The elected officials this year are:
- Rafi Ahmed, Director, Emory Vaccine Center, Georgia Research Alliance Eminent Scholar in Vaccine Research, and Professor Charles Howard Candler, Emory School of Medicine
- Carol Anderson, Charles Howard Candler Professor and Chairman, Department of African American Studies
- Jericho Brown, Winship Emeritus Research Professor in Creative Writing and Director of the Creative Writing Program
- Sanjay Gupta, Associate Professor, Department of Neurosurgery, Emory School of Medicine, and Deputy Chief of Neurosurgery, Grady Memorial Hospital
- Vanessa Siddle Walker, Samuel Candler Dobbs Professor of African-American Studies and Education
Professors Emory are among 252 newly elected members of the American Academy, founded in 1780 by John Adams, John Hancock and others who believed that the new republic should honor exceptionally accomplished individuals and engage them in the promotion of the public good. . Learn more about the winners.

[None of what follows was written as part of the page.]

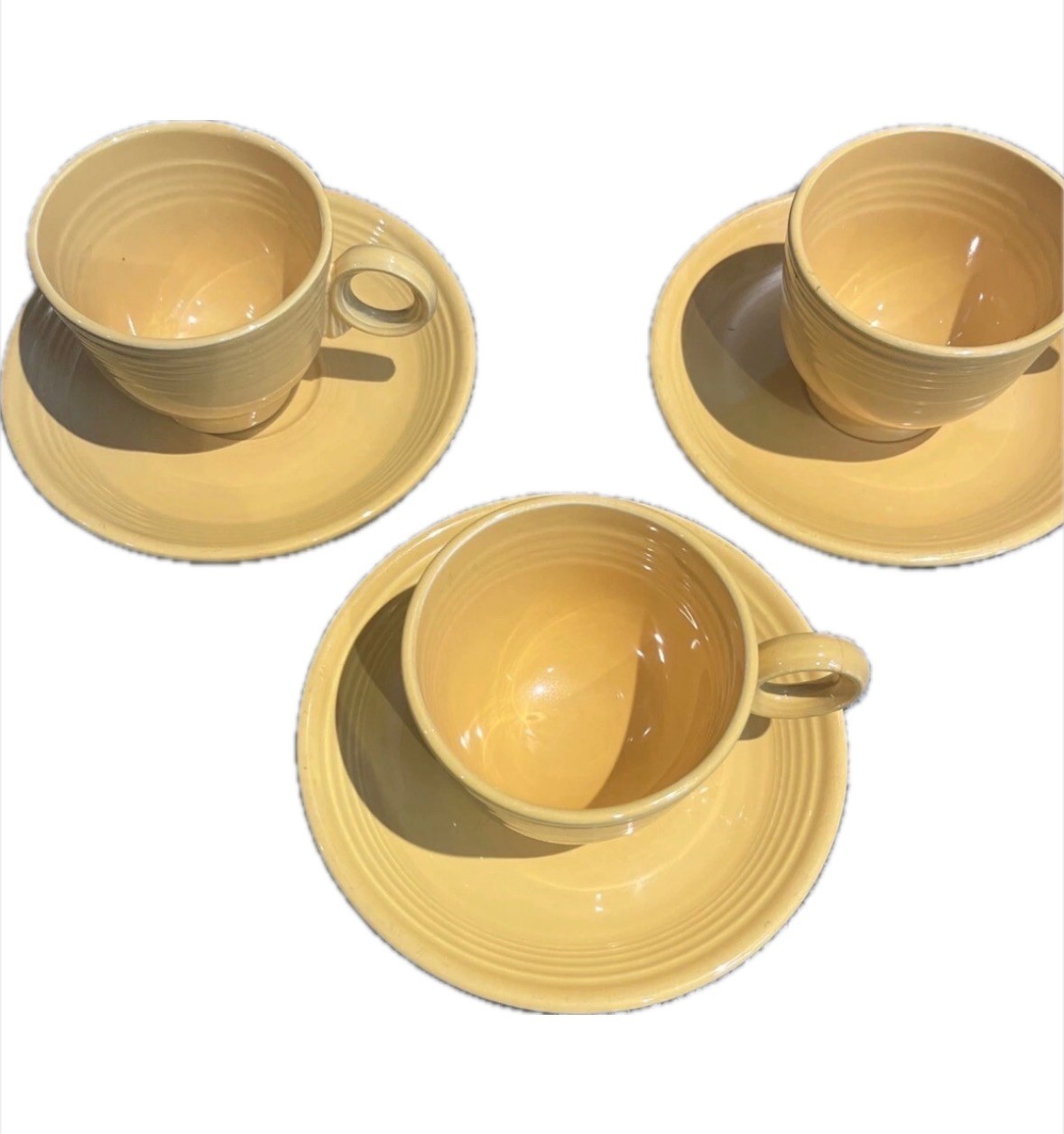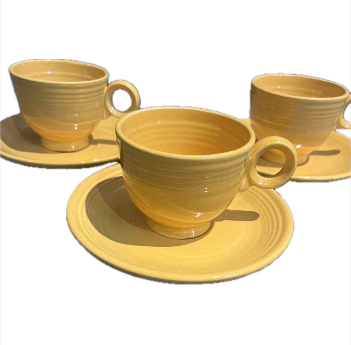This set includes a six-piece tea cup and saucer in a vibrant Sunflower Yellow color from the Fiesta line by Homer Laughlin. The round-shaped cups have a 6 oz capacity, are suitable for hot beverages, and feature a handle. They are microwave and dishwasher safe, with a lead-free glaze finish. Ideal for all occasions, this Art Deco style set is made of ceramic in the USA.
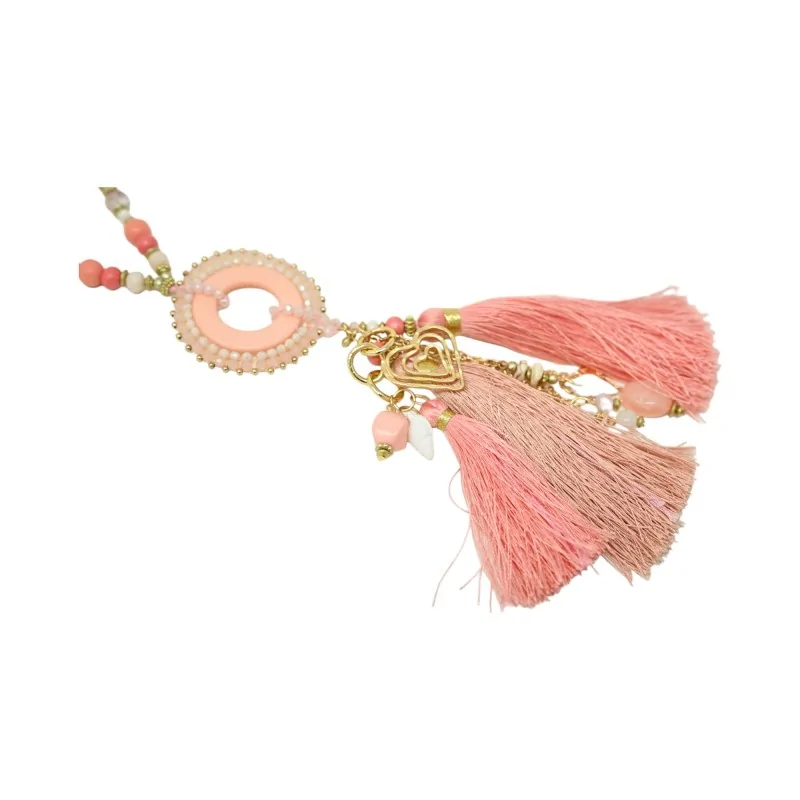 This 65 cm long necklace, bathed in a gradient of pink and coral, evokes the softness of a dawn in a tropical paradise. Adorned with beads and fantasy stones selected for their warm colors, this jewel embodies the meeting between passion and softness. The central medallion, a pierced circle surrounded by delicate beads, is a window open to a world of beauty and refinement. Tassels, in matching shades, add a touch of lightness, while heart-shaped charms, precious stones, shells, and gold chains tell stories of hidden wonders and discovered treasures. This necklace, a hymn to the beauty of tropical landscapes, is the perfect accessory to brighten up your outfit with a touch of exoticism and elegance.

“Your Fantastic Mind,” a television series in partnership between the Emory Brain Health Center and Georgia Public Broadcasting, has won seven Emmy nominations from the Southeastern Section of the National Academy of Arts and Sciences. television. The seven nominations come from the show’s 2020 season:
“Your fantastic mind“is a weekly, magazine-style newscast that highlights compelling patient stories and cutting-edge scientific and therapeutic advances in neurology, neurosurgery, psychiatry, rehabilitative medicine and sleep medicine.The show is made possible through financial assistance from the Southern Company Charitable Organization.
Three postdoctoral fellows – Maureen McGuirk Sampson, Kaela S. Singleton and Brandon Franklin Young – have received funding under the Postdoctoral Enrichment Program (PDEP) of the Burroughs Wellcome Fund. PDEP provides funding over three years to support the career development activities of under-represented minority postdoctoral fellows at a degree-granting institution in the United States or Canada. The training and professional development of fellows must be guided by mentors determined to help them advance to stellar careers in biomedical or medical research.
Sampson studies human genetics; Singleton, cell biology; and Young, biochemistry.